• [Instructions to follow]: Without the pictures, restate all of the data below word for word.
** Opening Given information block **
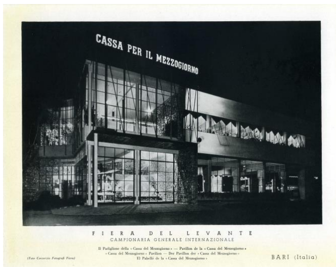
Fig.02 – Night view (1951- Consorzio Fotografi Fiera)
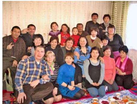
New Year's Party with Bishkek Deaf
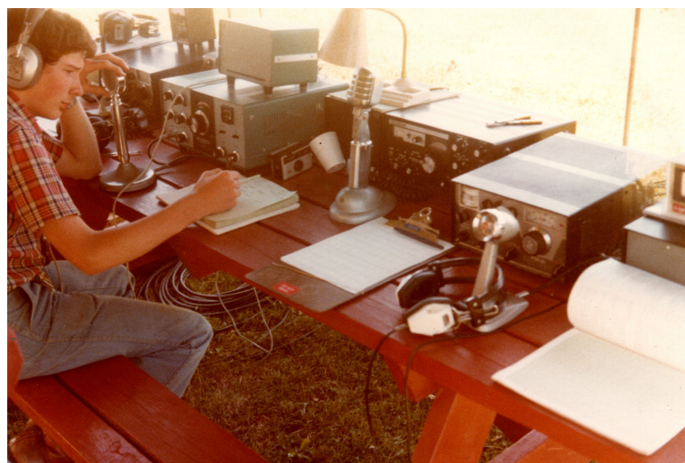
Operating position— can you guess who this is?
** Closing Given information block **
• [Final answer]:
Fig.02 – Night view (1951- Consorzio Fotografi Fiera)
New Year's Party with Bishkek Deaf
Operating position— can you guess who this is?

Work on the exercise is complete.